Zelandakh, on 2016-July-13, 08:41, said:
One comment stood out for me "people are stupid". Really? So because the people MIGHT vote to hunt down Mexicans they are less intelligent or responsible than the people who get elected then manufacture a reason to go to war and slaughter thousands of people on the pretense that there is a threat? Or who actually CAUSE a threat by their manipulation of events and interference in other country's affairs which lead to lives without any future or hope for millions of people living in refugee camps, sometimes for two and three generations? Or make decisions leading to the very real possibility, according to scientists, that the oceans are dying, the world is increasingly losing arable land to desertification, which is a direct threat to the potential of the world to feed people, a situation entirely avoidable? Or adopt policies which lead to a debt load that would have led to bankruptcy a long time ago in any normal household but that is blithely ignored as it careens ever upward? You consider that good government? It seems to me that the attitude that people are stupid is indeed the attitude that most politicians have and that's why they feel free to ignore voters wishes as soon as they get into power, and that's precisely the reason that people around the world are becoming increasingly restless with their governments.
The "elected officials" can be elected only from the people offered as choices and it seems to be often the case that the electorate is not particularly happy about any of the choices they are being given. Good examples are the apparently relatively unenthusiastic response by a whole lot of Americans to the choices in the upcoming Presidential election, or indeed the rate of voter turnout in most western elections.
The vast majority of politicians seem to believe that their responsibility is not to the people but to their party, come hell or high water.

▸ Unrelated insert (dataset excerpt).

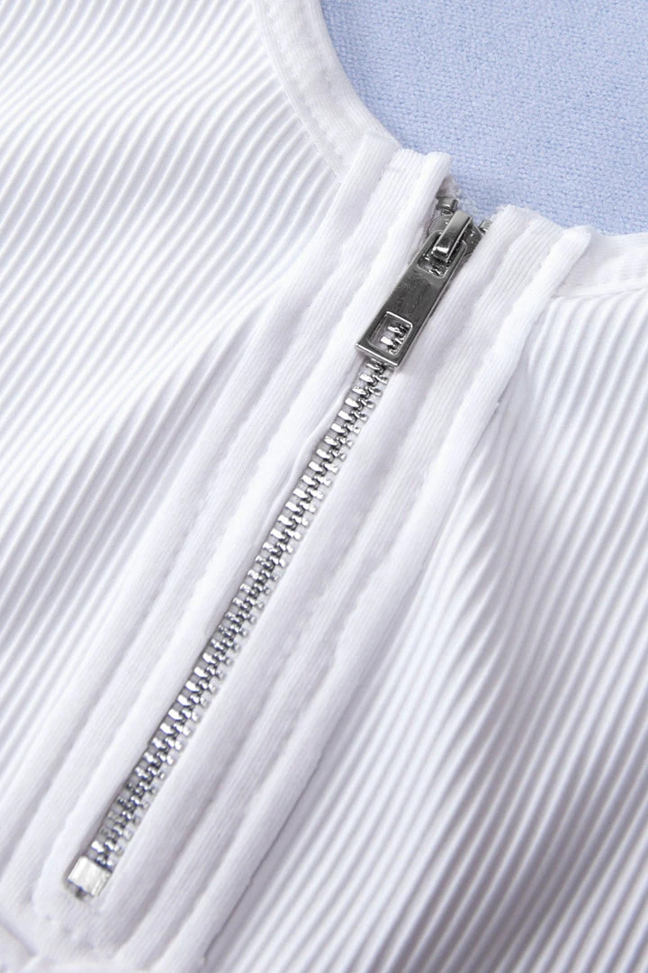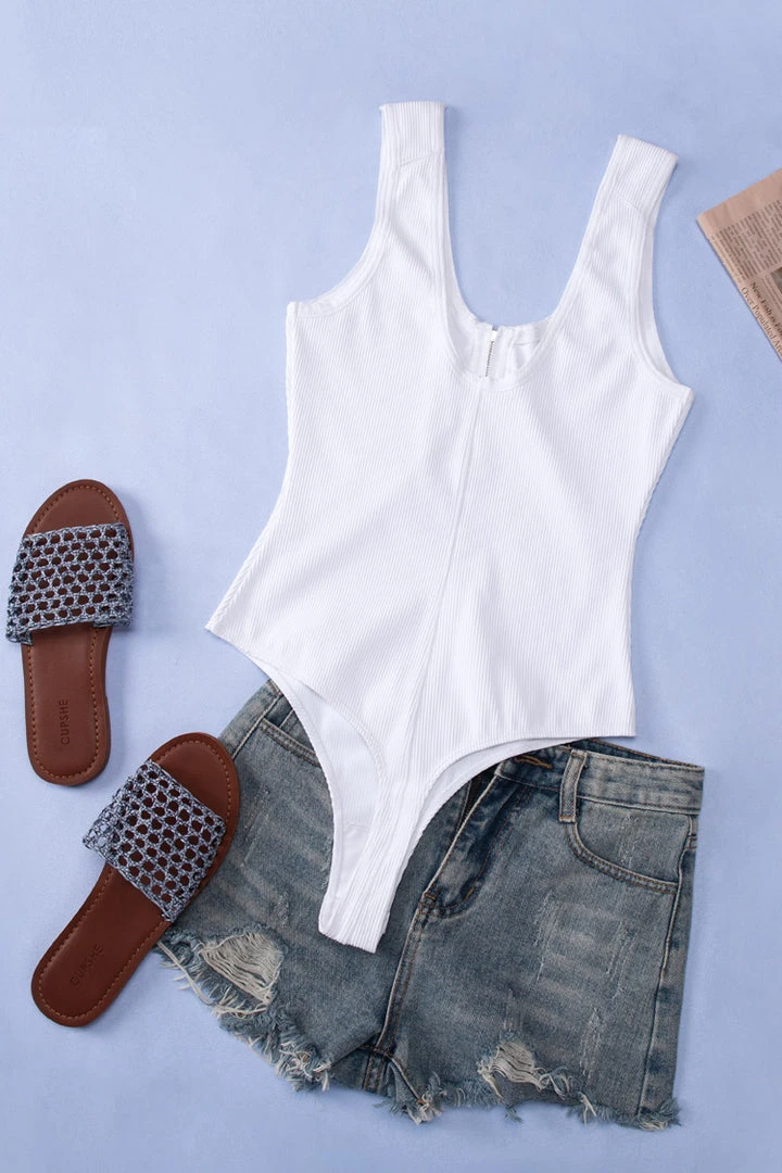 Enhance your collection with this white Zelda Zip Tank Bodysuit. Crafted with front zip and scoop back, this piece is perfect for everyday wear.

No matter what the party, the objective is to get elected, obviously, and then to stay in power, so electoral districts are rearranged; failed politicians get parachuted into "secure" ridings so as to get back into power; voter eligibility is restricted and all sorts of other shenanigans employed to tilt the odds in their favor are common tactics. What has any of that got to do with democracy?
I think the concept that people are stupid is a very unfortunate and arrogant attitude. People may be ill/misinformed, scared, they may be manipulated and forced into situations they don't understand and don't know how to cope with. But I most decidedly do NOT buy into the idea that because someone was elected they are automatically wiser or better informed or any more capable of making a good decision than anyone else. What being elected demonstrates is a desire to have power, for whatever purpose, and that they know how to get elected, usually as much a result of being a good party member, as anything else. That's all. To assume otherwise is like assuming that someone who rode the winning horse at the Kentucky Derby will automatically be adept at playing bridge.
I also don't believe that the majority of people are vicious and hostile by nature, but that much of today's world is pushing people into defensiveness. When something like the Japanese tsunami, or the Katrina hurricane happens, for sure there were some who tried to take advantage, but there were thousands more who tried to help. So where is this deep mistrust of and disdain for common people coming from and were the Founding Fathers so entirely wrong in trying to set up a system entrusting people's own future to them rather than to what is virtually a self selected group?